**TASK BRIEF:** Skip the pictures and repeat each line of the data exactly.

**DATASET EXCERPT:**

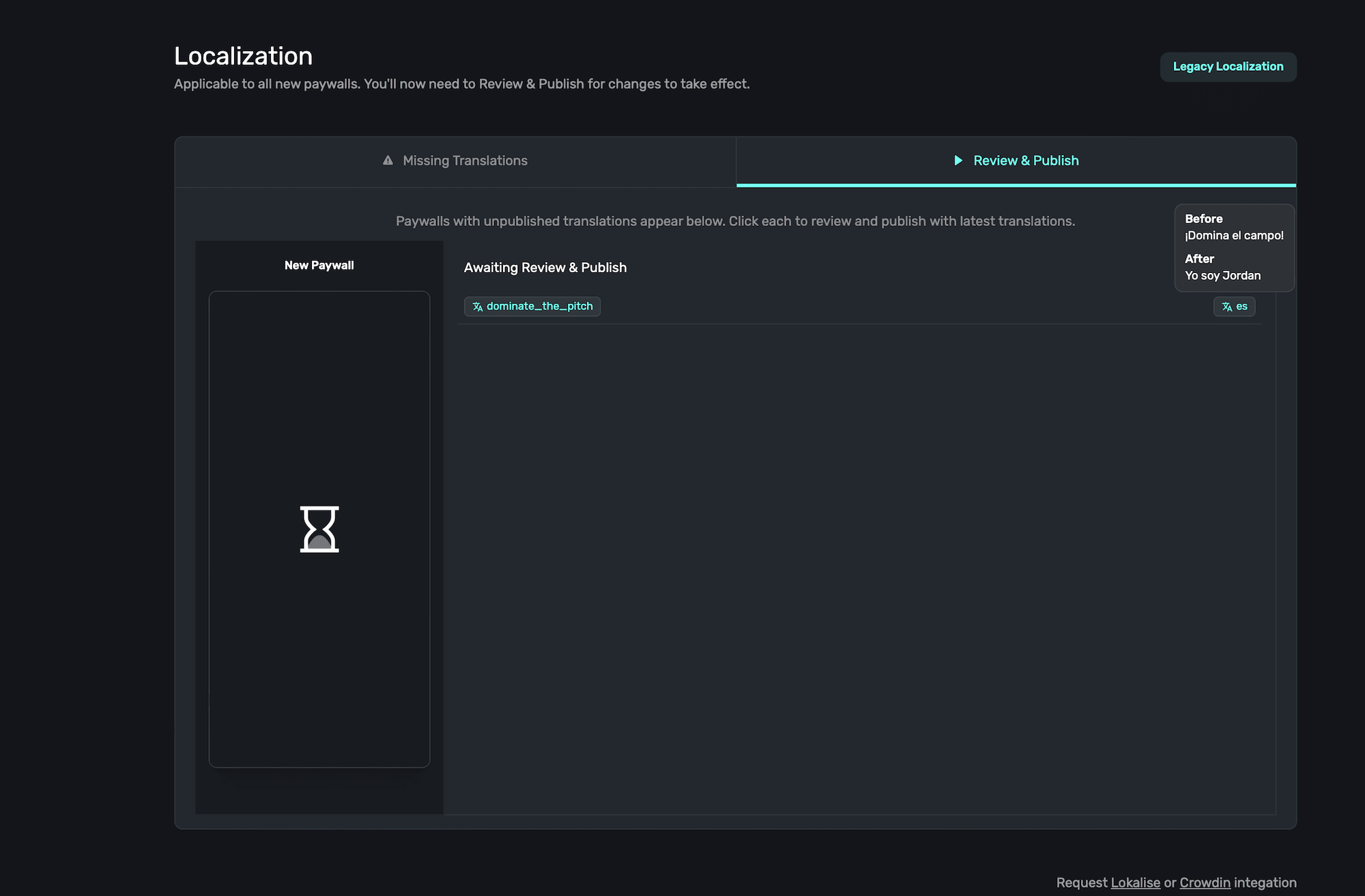 - Review & Publish: Any localizations that have changed which are used on multiple paywalls (or changed from an external localization provider) show up here. Paywalls using any edited localization key here will continue to use the "old" value it had before it was changed, and you can publish the updates live for the other paywalls after reviewing them.
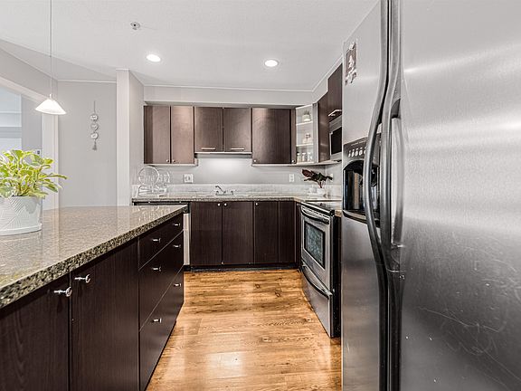 Welcome to BRYDON WALK! Centrally located in Langley City, this 2 bedroom, 2 bath condo offers an efficient and spacious floor plan. The master bedroom sits acrcoss the living space from the second bedroom, offering privacy and a large walk thru closet that leads into its own bathroom. Recently updated with new floors, backsplash, and appliances, it combines modern comfort with convenience. Enjoy the vibrant community and easy access to amenities. Perfect for those seeking a stylish urban retreat in a prime location. This quality built home can have you in the park or on the highway fast. You will love living here!
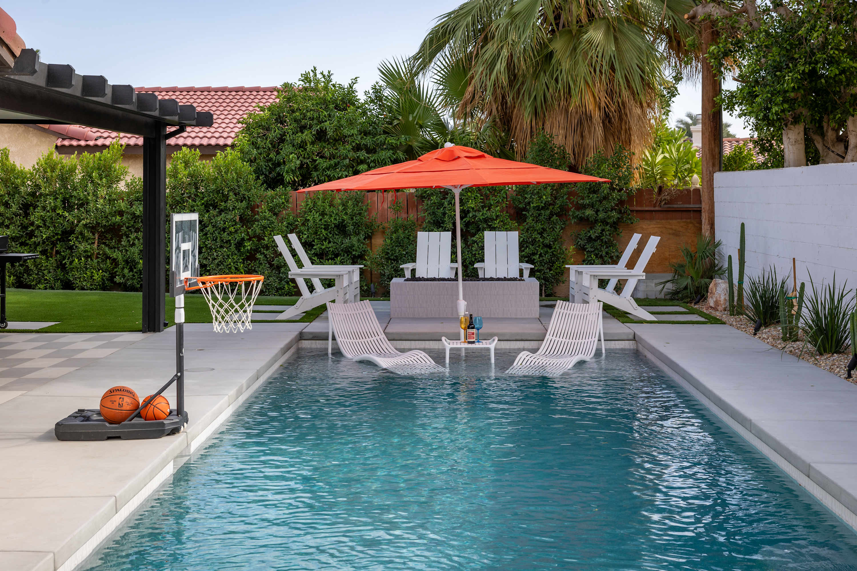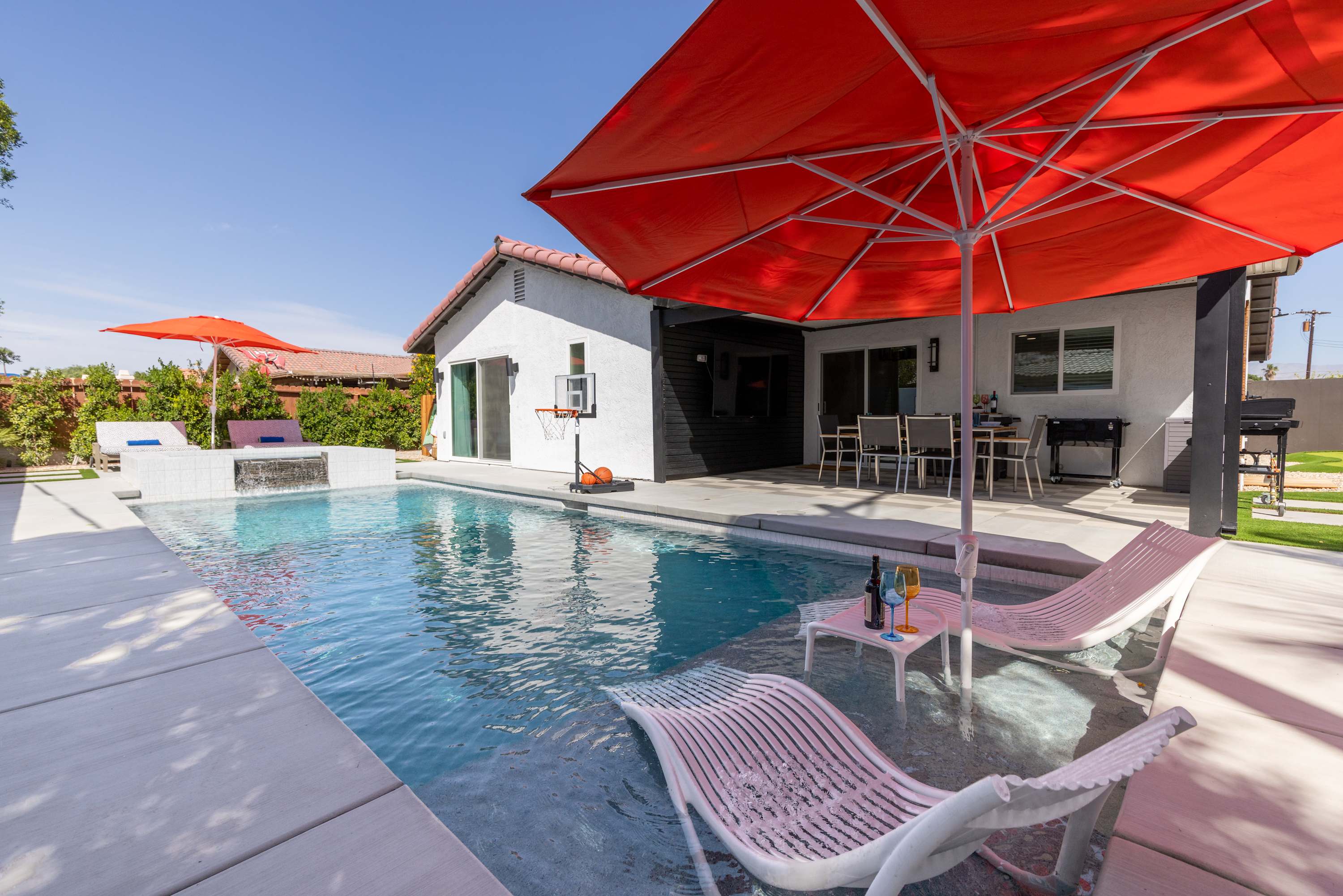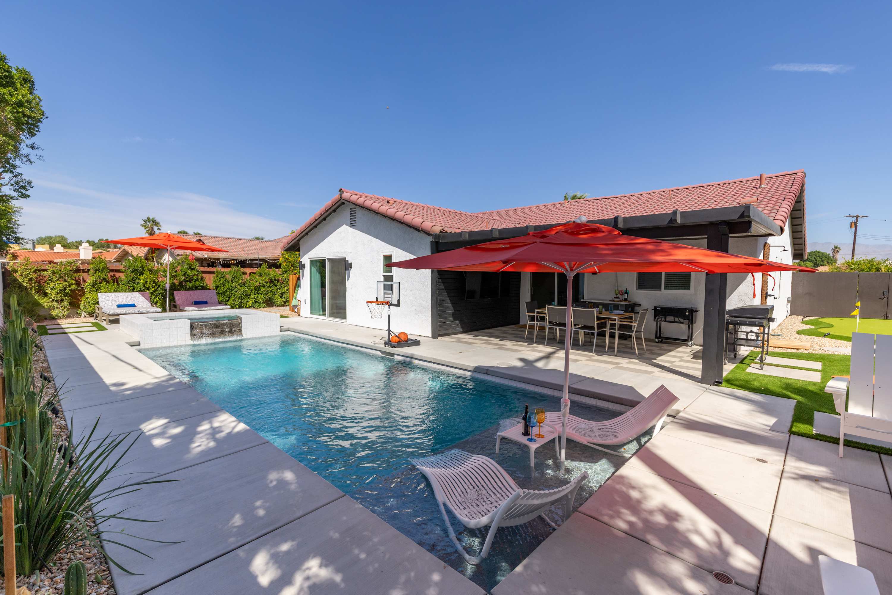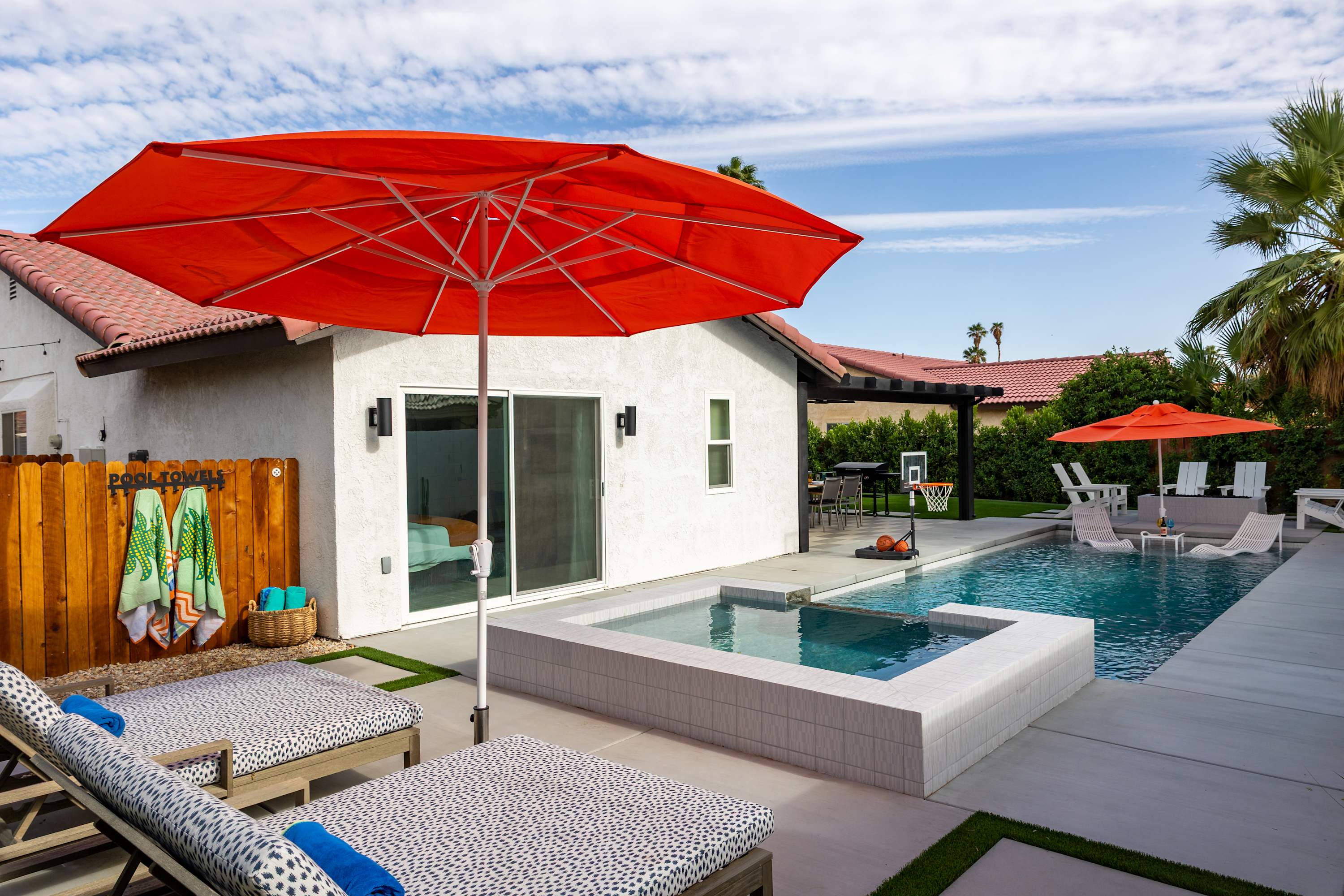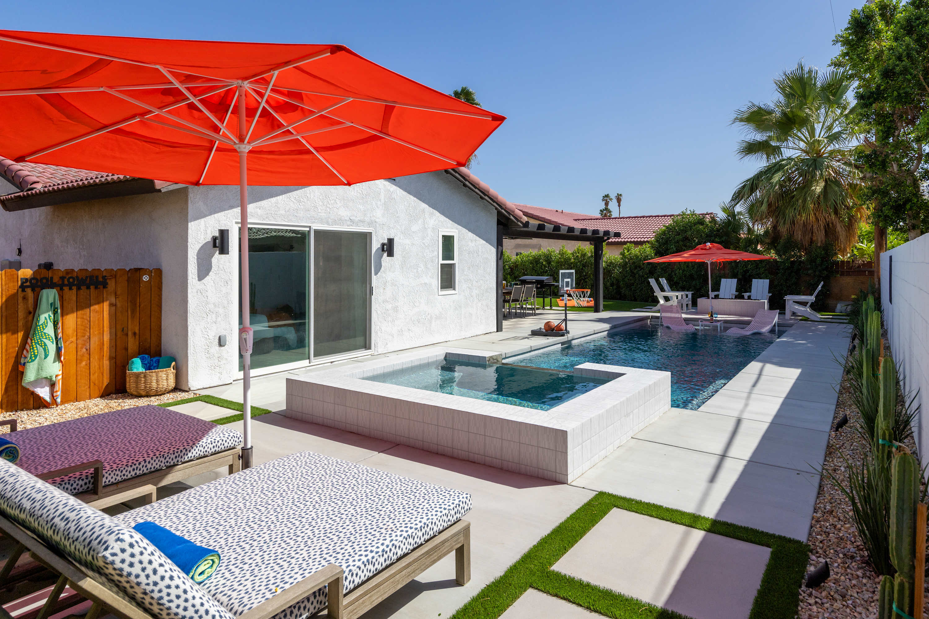💦 Heated Saltwater Pool & Hot Tub – Pool heating available for $100/day and complimentary spa heating. The pool features an L-shaped bench with umbrella slots, balancing sun and shade beautifully.

**WRITTEN ANSWER:**
 - Review & Publish: Any localizations that have changed which are used on multiple paywalls (or changed from an external localization provider) show up here. Paywalls using any edited localization key here will continue to use the "old" value it had before it was changed, and you can publish the updates live for the other paywalls after reviewing them.
 Welcome to BRYDON WALK! Centrally located in Langley City, this 2 bedroom, 2 bath condo offers an efficient and spacious floor plan. The master bedroom sits acrcoss the living space from the second bedroom, offering privacy and a large walk thru closet that leads into its own bathroom. Recently updated with new floors, backsplash, and appliances, it combines modern comfort with convenience. Enjoy the vibrant community and easy access to amenities. Perfect for those seeking a stylish urban retreat in a prime location. This quality built home can have you in the park or on the highway fast. You will love living here!
💦 Heated Saltwater Pool & Hot Tub – Pool heating available for $100/day and complimentary spa heating. The pool features an L-shaped bench with umbrella slots, balancing sun and shade beautifully.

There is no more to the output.